No vocal group has ever had or is ever likely to have two lead vocalists any better than the Temptations of 1964-68. Most of their leads went to David Ruffin -- he's the one beaming, pleading and sobbing on "My Girl", "Ain't Too Proud To Beg", and "I Wish It Would Rain". Ruffin sang in a deep, potent and gospel-inspired tenor that was pure gorgeous grit, in both the rough-hewn and nervy senses of the word. By contrast, second lead Eddie Kendricks delivered "The Way You Do The Things You Do" and "Get Ready" in a falsetto elegant and honey sweet.
The widespread appeal of his falsetto-driven "Just My Imagination" -- a veritable gold standard of sweet vulnerability and a pop and R&B #1 -- convinced Kendricks to leave the Temps for a solo career in 1971. Keep On Truckin' collects four of Kendricks' early solo albums, including his debut, All By Myself. Standout tracks include the dramatic, lonely ramblings of "This Used To Be The House Of Johnnie Mae" (a rare instance of Kendricks singing in his natural register) and the luminescent funk-pop of "Something's Burning".
The latter cut revealed where Kendricks was headed, though he remained a peerless interpreter of ballads. On 1974's For You, he discovered previously unexpected depths in a pair of Bread wimp-pop classics, "Diary" and "If". But it was the dance floor that more and more called his name. Indeed, Kendricks is a key figure in the transition from danceable soul to straight-up disco. Historian Peter Shapiro argues that Kendrick's minor hit single "Girl You Need A Change Of Mind" from 1973's People...Hold On is the record "that may very well be the foundation of the disco sound," thanks to its unstoppable groove, extended length, subtle builds and sudden breakdowns.
The following year's self-titled album expanded the theme with the clarion "Keep On Truckin'", a pop and R&B chart-topper that took proto-disco to the masses. The album version ebbs and flows for eight glorious minutes. At one point deep in the cut, assisted by nothing but a tambourine and a pair of bongos, Kendricks lightly but forcefully repeats his title imperative until it becomes much more than a call to dance. It means: flow, be, live.
Kendricks was an excellent singer. David Ruffin was a great one. The son of a preacher man, Ruffin and his gospel rasp left the Temptations in 1968. Yet his post-Temps career never paid off with the crossover success that Kendricks later achieved. Ruffin was hindered by his own erratic behavior, and by bad timing. His solo career roughly coincides with those years when Motown head Berry Gordy was focused elsewhere -- breaking the Jackson 5, transplanting the company from Detroit to California, making movies with Diana Ross.
The aptly titled The Great David Ruffin collects the irascible soul shouter's first four solo albums, a quartet that compares favorably with any music being made at the time. Indeed, at least one of them is a stone masterpiece. My Whole World Ended, his debut, begins with Ruffin bellowing his loss amid the taunting flute, swirling strings and heart-swelling melody of the title track: "'I can't see you no more' is all that you said...but you just might as well've placed a gun to my head." Then he moans, terribly: "Oh! Why didn't you do it?"

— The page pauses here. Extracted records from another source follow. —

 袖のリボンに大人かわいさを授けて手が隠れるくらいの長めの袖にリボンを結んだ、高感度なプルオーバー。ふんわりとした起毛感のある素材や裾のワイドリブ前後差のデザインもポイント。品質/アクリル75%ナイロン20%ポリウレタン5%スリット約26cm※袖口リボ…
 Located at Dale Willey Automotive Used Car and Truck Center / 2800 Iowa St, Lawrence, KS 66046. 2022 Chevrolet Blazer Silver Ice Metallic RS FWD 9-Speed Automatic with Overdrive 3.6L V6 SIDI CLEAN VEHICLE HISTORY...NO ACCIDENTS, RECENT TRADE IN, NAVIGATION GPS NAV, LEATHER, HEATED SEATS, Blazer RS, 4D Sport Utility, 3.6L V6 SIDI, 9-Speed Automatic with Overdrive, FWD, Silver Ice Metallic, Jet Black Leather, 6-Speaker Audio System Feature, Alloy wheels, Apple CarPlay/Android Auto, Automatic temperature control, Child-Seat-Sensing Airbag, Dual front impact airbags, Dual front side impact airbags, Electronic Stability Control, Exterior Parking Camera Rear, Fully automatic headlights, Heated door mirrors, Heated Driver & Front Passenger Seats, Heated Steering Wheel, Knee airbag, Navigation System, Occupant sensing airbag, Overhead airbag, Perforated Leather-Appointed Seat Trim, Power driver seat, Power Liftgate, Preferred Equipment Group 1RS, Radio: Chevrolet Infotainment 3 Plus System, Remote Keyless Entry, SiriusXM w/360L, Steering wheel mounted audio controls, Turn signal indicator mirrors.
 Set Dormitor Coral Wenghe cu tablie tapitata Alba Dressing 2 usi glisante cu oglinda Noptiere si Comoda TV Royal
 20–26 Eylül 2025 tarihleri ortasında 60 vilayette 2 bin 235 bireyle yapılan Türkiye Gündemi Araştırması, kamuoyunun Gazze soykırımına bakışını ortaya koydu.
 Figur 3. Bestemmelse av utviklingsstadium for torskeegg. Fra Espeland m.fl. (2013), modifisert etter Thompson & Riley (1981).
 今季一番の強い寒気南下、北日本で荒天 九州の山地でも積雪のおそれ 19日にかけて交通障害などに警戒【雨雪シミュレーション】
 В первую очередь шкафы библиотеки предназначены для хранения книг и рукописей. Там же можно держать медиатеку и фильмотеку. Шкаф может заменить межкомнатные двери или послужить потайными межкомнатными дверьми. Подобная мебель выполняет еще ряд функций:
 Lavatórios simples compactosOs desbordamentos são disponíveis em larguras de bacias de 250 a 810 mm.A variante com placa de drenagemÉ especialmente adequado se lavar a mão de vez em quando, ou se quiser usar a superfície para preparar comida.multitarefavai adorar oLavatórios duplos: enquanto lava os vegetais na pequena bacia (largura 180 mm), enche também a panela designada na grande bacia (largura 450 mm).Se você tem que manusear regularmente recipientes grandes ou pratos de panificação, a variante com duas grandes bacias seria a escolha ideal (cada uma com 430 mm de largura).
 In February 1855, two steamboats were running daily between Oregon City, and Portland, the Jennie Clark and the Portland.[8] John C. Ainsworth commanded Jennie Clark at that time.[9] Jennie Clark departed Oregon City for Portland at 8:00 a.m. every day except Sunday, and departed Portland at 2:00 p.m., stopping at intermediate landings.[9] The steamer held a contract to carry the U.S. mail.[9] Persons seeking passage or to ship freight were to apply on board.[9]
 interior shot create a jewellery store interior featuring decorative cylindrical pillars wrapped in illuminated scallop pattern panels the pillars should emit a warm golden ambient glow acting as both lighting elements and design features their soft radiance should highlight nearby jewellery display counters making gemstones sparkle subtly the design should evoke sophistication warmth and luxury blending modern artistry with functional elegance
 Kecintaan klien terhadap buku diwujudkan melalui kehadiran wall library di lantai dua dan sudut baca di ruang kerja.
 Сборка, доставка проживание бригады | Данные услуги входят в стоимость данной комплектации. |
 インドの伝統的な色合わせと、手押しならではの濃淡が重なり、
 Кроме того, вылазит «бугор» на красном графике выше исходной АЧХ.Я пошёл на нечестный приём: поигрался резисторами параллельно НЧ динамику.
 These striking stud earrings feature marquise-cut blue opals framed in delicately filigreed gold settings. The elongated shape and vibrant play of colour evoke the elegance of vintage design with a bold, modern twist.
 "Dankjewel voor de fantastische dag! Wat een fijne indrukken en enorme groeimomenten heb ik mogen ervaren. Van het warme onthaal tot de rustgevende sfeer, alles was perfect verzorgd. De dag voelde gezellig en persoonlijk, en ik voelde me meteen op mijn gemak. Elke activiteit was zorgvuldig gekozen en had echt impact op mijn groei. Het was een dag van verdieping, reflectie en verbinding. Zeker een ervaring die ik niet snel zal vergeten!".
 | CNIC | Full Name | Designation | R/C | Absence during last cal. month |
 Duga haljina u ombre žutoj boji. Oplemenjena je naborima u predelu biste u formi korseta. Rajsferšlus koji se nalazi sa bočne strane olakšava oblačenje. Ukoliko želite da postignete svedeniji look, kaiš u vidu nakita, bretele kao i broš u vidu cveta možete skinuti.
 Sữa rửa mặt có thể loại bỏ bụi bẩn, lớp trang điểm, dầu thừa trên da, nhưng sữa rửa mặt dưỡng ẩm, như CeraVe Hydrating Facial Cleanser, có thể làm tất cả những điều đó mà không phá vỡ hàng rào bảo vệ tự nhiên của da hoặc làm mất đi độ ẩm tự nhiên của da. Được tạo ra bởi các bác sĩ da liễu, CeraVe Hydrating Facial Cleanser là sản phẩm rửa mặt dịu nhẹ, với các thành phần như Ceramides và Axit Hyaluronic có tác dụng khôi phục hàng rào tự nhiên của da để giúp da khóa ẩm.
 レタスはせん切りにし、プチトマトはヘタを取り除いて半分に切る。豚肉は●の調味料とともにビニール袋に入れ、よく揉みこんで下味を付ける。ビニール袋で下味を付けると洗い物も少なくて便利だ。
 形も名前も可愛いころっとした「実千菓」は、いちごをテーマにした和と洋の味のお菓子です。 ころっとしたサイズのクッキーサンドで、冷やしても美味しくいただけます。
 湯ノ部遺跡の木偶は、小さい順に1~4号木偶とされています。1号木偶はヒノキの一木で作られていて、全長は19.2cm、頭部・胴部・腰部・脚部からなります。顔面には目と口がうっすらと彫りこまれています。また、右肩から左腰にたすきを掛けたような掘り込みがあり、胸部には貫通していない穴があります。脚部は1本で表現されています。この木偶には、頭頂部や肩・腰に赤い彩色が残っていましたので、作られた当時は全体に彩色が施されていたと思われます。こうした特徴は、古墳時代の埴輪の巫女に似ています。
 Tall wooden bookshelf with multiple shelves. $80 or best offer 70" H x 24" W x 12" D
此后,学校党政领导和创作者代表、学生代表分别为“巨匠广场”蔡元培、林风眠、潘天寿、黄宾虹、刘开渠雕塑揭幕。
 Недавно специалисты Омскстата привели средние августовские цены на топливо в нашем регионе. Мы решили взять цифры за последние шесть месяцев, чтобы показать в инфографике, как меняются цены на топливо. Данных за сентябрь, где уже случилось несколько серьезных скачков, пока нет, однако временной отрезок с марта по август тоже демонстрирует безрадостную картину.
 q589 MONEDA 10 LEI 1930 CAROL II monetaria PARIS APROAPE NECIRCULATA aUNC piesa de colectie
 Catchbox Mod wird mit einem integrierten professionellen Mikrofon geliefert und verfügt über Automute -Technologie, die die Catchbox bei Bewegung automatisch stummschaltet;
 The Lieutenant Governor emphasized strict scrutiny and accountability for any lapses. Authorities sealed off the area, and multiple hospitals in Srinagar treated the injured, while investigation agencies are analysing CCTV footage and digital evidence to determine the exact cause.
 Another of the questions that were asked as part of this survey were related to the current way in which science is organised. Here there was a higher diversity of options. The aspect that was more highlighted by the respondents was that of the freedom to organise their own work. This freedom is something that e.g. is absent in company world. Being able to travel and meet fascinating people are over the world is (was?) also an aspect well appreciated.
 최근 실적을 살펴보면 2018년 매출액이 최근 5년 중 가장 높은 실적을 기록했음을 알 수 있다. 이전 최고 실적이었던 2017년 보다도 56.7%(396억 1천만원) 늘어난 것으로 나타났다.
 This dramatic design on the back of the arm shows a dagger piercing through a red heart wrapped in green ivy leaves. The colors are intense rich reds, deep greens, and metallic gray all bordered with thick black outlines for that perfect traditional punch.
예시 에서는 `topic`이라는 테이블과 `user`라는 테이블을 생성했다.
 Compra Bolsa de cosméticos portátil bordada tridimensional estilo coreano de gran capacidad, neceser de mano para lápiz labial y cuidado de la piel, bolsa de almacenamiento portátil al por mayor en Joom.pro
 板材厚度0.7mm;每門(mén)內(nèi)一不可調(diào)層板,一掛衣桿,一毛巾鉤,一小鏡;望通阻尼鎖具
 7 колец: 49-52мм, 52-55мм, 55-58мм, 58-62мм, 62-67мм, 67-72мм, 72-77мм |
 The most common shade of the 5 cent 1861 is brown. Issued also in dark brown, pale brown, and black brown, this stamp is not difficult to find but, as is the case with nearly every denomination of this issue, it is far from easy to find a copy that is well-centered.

Ruffin's vocals thrill with desperate majesty like King Lear raging on the heath, or Willy Loman dreaming his dreams accompanied by strings and funk rhythms, or a minister preaching his congregation to a frenzy of promised relief. Ruffin is today largely "The Forgotten Man" he sang of on 1969's Feelin' Good, but he continued to produce fine work. On Me 'N Rock 'N Roll Are Here To Stay, from 1974, for instance, he quakes to recall the torturous moment his wife revealed that "I Saw You When You Met Her". On the albums collected here, Ruffin always conveys the highest levels of emotional presence imaginable from someone who is, after all, only singing stories, not actually experiencing those events then and there.
Ruffin's melismas aren't today's brittle, caricatured curlicues of emotion, but harsh and tender statements of what it feels like to be a Common Man, a Working Man, a Mortal Man. He punctuates these with grunts, laughs, gasps and screams that crack suddenly into falsettos, startling and subtle at once.
"I've lost everything I've ever loved," he admits at one point. But on every track, Ruffin is keenly aware that, like each of us, he's going to lose it all someday, and his best sides help us remember that these are the stakes of any life. Ruffin died in 1991, only 50, but listen to these discs, and he sounds as necessary as you and me, overcome by each moment's pleasure or woe. He is demanding nothing less than that attention be paid.